Author: Ali Arsalan Yaqoob
On your journey as a data scientist, being able to develop an effective learning strategy is very important as it will determine your trajectory and career outcome. Even if you are starting a structured graduate program where you are bound to learn the skills you need, it is good to think of the coursework like additional resources towards achieving your own goals.
When structuring your learning within data science, the naive approach would be:
- Identifying what core skill-set makes up a data scientist.
- Identifying where you are, proficiency-wise, in those areas.
- Building up your skills in areas you are weak in.
Being able to take into account what type of role you will be playing in a team as a data scientist will determine the skill-sets you need. A Data Science and Analytics company, Mango Solutions, uses the following six competencies to assess a data science team for their "Data Science Radar" tool. While knowing about these competencies can help a team to identify their needs and where they stand as a whole, it can also be useful for a self-assessment of skills.
Based on the above approach, you could keep the competencies in mind and see where you lie in terms of proficiency in each of those areas. Then you could systematically, one by one, try to improve your skills in each of those areas until you master them. One of the biggest problems with this approach is knowing when to stop or knowing when you know enough. It is nice to know about a specific topic, from start to finish. However, you only need to know 20% about any topic in order to do 80% of what you need (See the Pareto Principle).
Another problem, with this approach is that, when you are developing your skills in one area, you are not connecting the dots between all of the other areas. Being able to see how all of these skill-sets connect and complement each other is important in being able to understand the data science workflow. This type of intuition can only be acquired through working on projects and having a very directed approach of learning.
In your career as a data scientist, you will see that the process of working on any data science project is iterative and you have to constantly go back and reevaluate something or improve on some part of the process. The same iterative mentality can be applied to developing an effective learning strategy. However, to apply this mentality to your learning you will need to be comfortable with the knowledge that you will not know everything about the tools you are using to solve a specific problem. You should be comfortable with learning just enough to be able to solve a problem and not make grueling mistakes or unclear assumptions. This approach is more effective as it teaches you how to identify what you need to learn to carry out a task and connect the dots between different parts of the project.

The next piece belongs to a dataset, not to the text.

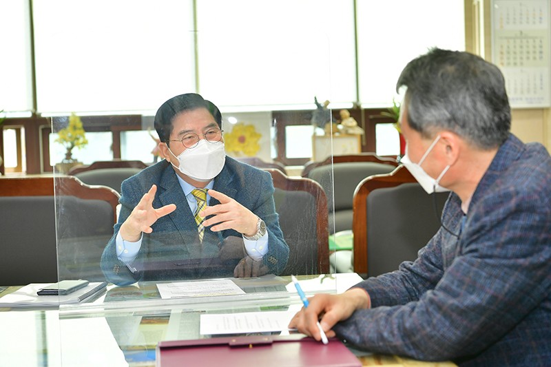 À¯µÎ¼® À强±º¼ö°¡ 9ÀÏ Áý¹«½Ç¿¡¼ ±¤ÁÖ¸ÅÀϽŹ® À̰æ¼ö ÆíÁý±¹Àå°ú ÀÎÅͺ並 ÁøÇàÇϰí ÀÖ´Ù. |

Imagine you are blindfolded and dropped off in an unknown forest. What is the first thing you do? You look around and try to identify where you are. You explore. You try to get a lay of the land. You identify what you need to do in order to survive; your goal of survival is linked to you getting food water and shelter. Getting food water and shelter is linked to you acquiring the skills you need to be able to get those things. Acquiring those skills is linked to actually working on getting those three things and working with what you know already. Everything is linked to having a clear and defined goal - survival. Having an end goal in your learning process will bring a lot of clarity in terms both knowing when to stop and knowing what you need to know. It will also allow you to see the learning as a whole rather than bits and pieces that are supposed to fit together.
However, having a clear and defined goal is difficult when you are just starting your journey as a data scientist. There is a lot of noise regarding what you could be doing and what you should be doing and everyone has an opinion (just like this article). But it is important to realize that the best way to cut through the noise and get right to the signal is to know where the signal is coming from. There are two ways to narrow your scope of finding an end objective :
- Identifying an industry of interest. You should ask yourself the following questions: What type of industry are you most inclined towards? What type of problems are usually worked on in this industry? Do those problems and the solutions to those problems sound interesting to you? Can you reach out to data scientists in that specific industry and ask them about what drives them to work on the problems they work on?
- Identifying the type of data or problems you wish to work on : Do you find the idea of working with image data and computer vision interesting or do you wish to work with something different like audio or music? Do you find the types of problems that lie within natural language processing to be interesting? Do you wish to work with prediction tasks or inference tasks? Or do you wish to be able to tell a good story through beautiful data visualizations?
Asking yourself these questions will direct your research and help you gain a clearer picture about what you are interested in, and in turn help structure your learning. The more you work towards a specific goal in mind, the better you will be able to identify what to learn and how to stop when you have learned enough. It would be also be very beneficial to read papers about topics you are interested in and be aware of the new developments in your field of interest. Connectedpapers.com is a great resource for you to use to identify papers that are interesting and similar to your scope of interest. It will also help you see what technologies are being used, and the type of skills you will need to know to gain a better conceptual understanding.
Lastly, being able to connect the dots between different parts of what you are learning, can only be done by applying what you learn. This can be done through working on projects that you find interesting and going through the process from start to finish. A good way to work on a project can by re-implementing a research project on your own and then writing about it in an explanatory blogpost that helps someone else understand the project better. A good resource for going through code in research projects is paperswithcode.com. This contains papers with the datasets they used and code published online.